14. The method of claim 13 wherein casting the cylinder block by
pouring the liquid metal alloy into the mold further comprises
pouring a liquid Aluminum alloy into the mold to cast-in-place the
cylinder bore liners and Siamese inserts.
15. The method of claim 13 wherein fabricating the Siamese insert
between each of the cylinder bore liners includes using a metal
alloy additive technique.
16. The method of claim 13 wherein fabricating the Siamese insert
between each of the cylinder bore liners includes using at least
one of laser cladding, cold/kinetic spray, and thermal spray metal
adding techniques.
17. The method of claim 13 wherein fabricating the Siamese insert
includes brazing the Siamese insert between each of the cylinder
bore liners and wherein the Siamese insert comprises a high
temperature creep strength Aluminum-Bronze alloy.
Description
The present disclosure relates generally to the manufacture of
Aluminum alloy engine block and more specifically to methods of
manufacturing cast engine blocks having improved robustness while
maintaining weight advantages over other alloys and processes.
The use of lightweight Aluminum alloys in cylinder blocks for
internal combustion engines has greatly enhanced the vehicle energy
efficiency by reducing the overall weight of the vehicle at the
same time maintaining most of the capability of the cylinder block.
Additional design adaptations to lighter and more compact engine
systems have caused some challenges to continuing use of Aluminum
alloys as the material of choice for some engine applications. For
example, elevated heat stress in certain areas of the cylinder
block have cause premature failures due to the geometry of the
cylinder block and the inability to properly cool these areas.
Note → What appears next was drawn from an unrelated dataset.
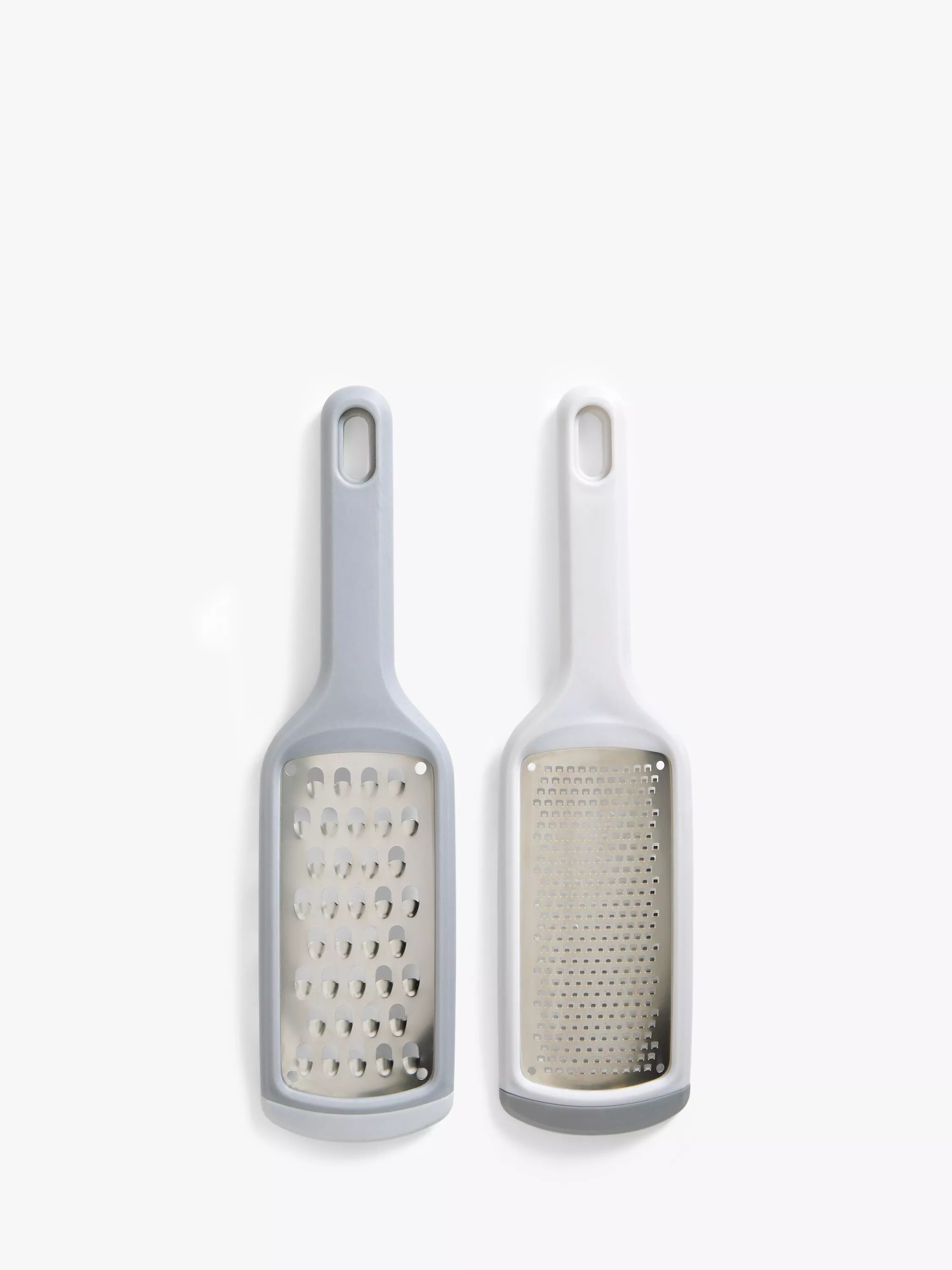 Deux râpes manuelles qui s'emboîtent pour un rangement compact. Elles sont dotées de lames tranchantes en acier inoxydable dépoli à l'acide : l'une pour râper grossièrement les fromages à pâte dure ou le chocolat, et l'autre pour râper la noix de muscade ou zester les agrumes, afin d'agrémenter salades, pâtisseries et autres préparations.

Accordingly, there is a need in the art for an improved cylinder
block design and method for manufacturing the new cylinder block
that extends the useful life of the cylinder block in service,
prevents catastrophic failure, and provides the design necessary to
maintain and improve upon the use of lightweight Aluminum alloys
for achieving fuel economy standards.
SUMMARY
The present disclosure comprises a cylinder block for use in an
internal combustion engine. The cylinder block includes a first and
second cylinder bores, a first and second cylinder bore liners, and
a Siamese insert. The first and second cylinder bores are disposed
adjacent to each other. The first and second cylinder bores each
comprise a first cylinder bore wall and a second cylinder bore
wall, respectively, and a shared cylinder bore wall. The first
cylinder bore liner is disposed on a first inner surface of the
first cylinder bore wall and the second cylinder bore liner is
disposed on a second inner surface of the second cylinder bore
wall. The Siamese insert is disposed in a top portion of the shared
cylinder bore wall.
In one example of the present disclosure, the Siamese insert
comprises a high temperature creep resistant alloy and the cylinder
block comprises an Aluminum Alloy.
In another example of the present disclosure, the Siamese insert
comprises an Aluminum-Bronze alloy having between about 8 to 10 wt.
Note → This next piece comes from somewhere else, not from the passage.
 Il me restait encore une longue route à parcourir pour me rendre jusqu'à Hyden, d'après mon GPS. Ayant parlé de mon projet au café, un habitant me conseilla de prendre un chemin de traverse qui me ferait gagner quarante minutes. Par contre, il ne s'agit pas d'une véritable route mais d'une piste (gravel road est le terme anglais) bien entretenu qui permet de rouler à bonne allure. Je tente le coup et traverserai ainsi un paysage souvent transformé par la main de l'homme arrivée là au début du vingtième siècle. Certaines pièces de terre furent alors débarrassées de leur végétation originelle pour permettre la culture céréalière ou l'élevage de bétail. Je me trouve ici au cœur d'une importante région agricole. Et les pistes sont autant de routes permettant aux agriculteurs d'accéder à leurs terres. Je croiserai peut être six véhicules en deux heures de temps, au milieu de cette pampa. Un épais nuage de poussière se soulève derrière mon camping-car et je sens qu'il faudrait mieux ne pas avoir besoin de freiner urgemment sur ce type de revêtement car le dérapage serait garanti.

% Aluminum, Iron, Nickle, Manganese, Zinc, and Copper.
In yet another example of the present disclosure, the Siamese
insert comprises an Aluminum-Bronze alloy having about 9.62 wt %
Aluminum, 3.93 wt % Iron, 0.62 wt % Nickle, 3.36 wt % Manganese,
0.46 wt % Zinc, and the balance Copper.
In yet another example of the present disclosure, the Siamese
insert comprises one of an Aluminum alloy, a steel alloy, a bronze
alloy, and a ceramic-metal material.
In yet another example of the present disclosure, the Siamese
insert comprises a top surface that includes a portion of a head
deck sealing surface.
In yet another example of the present disclosure, the Siamese
insert comprises a first and second bore liner pocket, the first
bore liner is partially dispose in the first bore liner pocket, and
the second bore liner is partially disposed in the second bore
liner pocket.
In yet another example of the present disclosure, the shared
cylinder bore wall comprises a first portion of the first cylinder
bore liner, a second portion of the second cylinder bore liner, a
third portion of the first cylinder bore wall, a fourth portion of
the second cylinder bore wall, and the Siamese insert.
The present disclosure further comprises a cylinder block for use
in an internal combustion engine. The cylinder block includes a
first and second cylinder bores, a first and second cylinder bore
liners, and a Siamese insert. The first cylinder bore liner is
disposed on a first inner surface of the first cylinder bore wall
and the second cylinder bore liner is disposed on a second inner
surface of the second cylinder bore wall. The Siamese insert
comprises a top surface and a high temperature creep resistant
alloy. The Siamese insert is disposed in a top portion of the
shared cylinder bore wall and the top surface includes a portion of
a head deck sealing surface.
In one example of the present disclosure, the Siamese insert
comprises an Aluminum-Bronze alloy having between about 8 to 10 wt.
% Aluminum, Iron, Nickle, Manganese, Zinc, and Copper.
In another example of the present disclosure, the Siamese insert
comprises an Aluminum-Bronze alloy having about 9.62 wt % Aluminum,
3.93 wt % Iron, 0.62 wt % Nickle, 3.36 wt % Manganese, 0.46 wt %
Zinc, and the balance Copper.
In yet another example of the present disclosure, the Siamese
insert comprises one of an Aluminum alloy, a steel alloy, a bronze
alloy, and a ceramic-metal material.
In yet another example of the present disclosure, the Siamese
insert comprises a first and second bore liner pocket, the first
bore liner is partially dispose in the first bore liner pocket, and
the second bore liner is partially disposed in the second bore
liner pocket.
In yet another example of the present disclosure, the shared
cylinder bore wall comprises a first portion of the first cylinder
bore liner, a second portion of the second cylinder bore liner, a
third portion of the first cylinder bore wall, a fourth portion of
the second cylinder bore wall, and the Siamese insert.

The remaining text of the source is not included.